VETERAN Phil Mickelson admits he feels under greater pressure at Hazeltine than in any of his previous 10 Ryder Cup appearances.

The left-hander, the United States’ record appearance-maker in the event, has been the most vocal about the need for change in light of America’s recent performances as Europe chase an unprecedented fourth victory in-a-row.

His criticism of captain Tom Watson after the defeat at Gleneagles two years ago led, in part, to the setting up for the US task force to look into all aspects of preparation and performance.

Mickelson has acted almost like the team’s unofficial sixth vice-captain in the build-up and when called upon to partner Rickie Fowler in the morning foursomes at Hazeltine yesterday he was far from his best but they managed to beat Rory McIlroy and Andy Sullivan one-up.

“Certainly I felt more pressure heading into today’s matches,” said Mickelson, who was rested for the afternoon fourballs.

“Given the build-up over the last couple years, the criticism, the comments, what have you, the pressure was certainly as great or greater than I’ve ever felt.

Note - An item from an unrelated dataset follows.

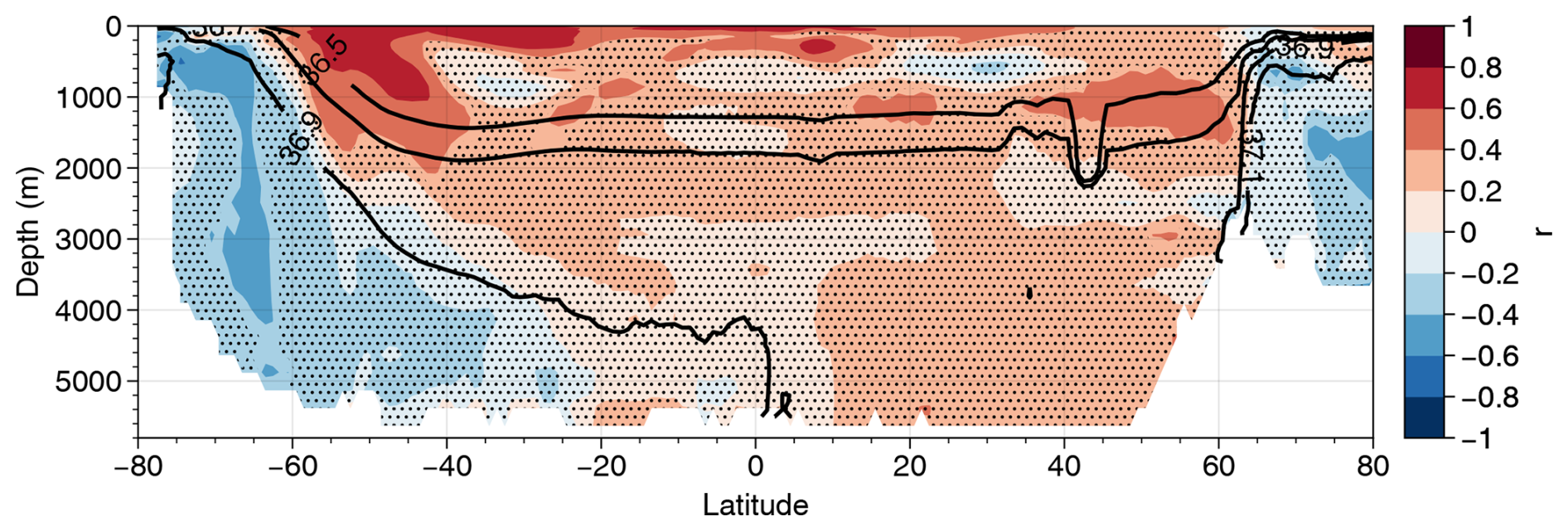 Figure 4Zonal mean ocean warming related to preindustrial sea ice extent. Correlation coefficient across the ensemble of CMIP6 models between preindustrial annual mean Antarctic sea ice extent and zonal mean ocean warming in 2080–2100 under SSP5-8.5 relative to preindustrial. Red shading indicates regions where models with more preindustrial sea ice tend to have more ocean warming in the future scenario. Stippling indicates regions where the correlation is not significant (p≥0.05, two-sided). Black contours show zonal mean potential density referenced to 2000 dbar from observations (Garcia et al., 2019).

“I could have copped out and asked to sit out but that would have been a totally weak move and I wanted to get out there.

“Put me out there. I enjoy that pressure.

“Certainly I played tight. This guy (Fowler) loosened me up. That’s why I wanted him as my partner.

“He knows what to say and when to say it. He got some of my best golf out there in the end.

“Some of the iron shots down the stretch were due to things that he said to get me in the right frame of mind.”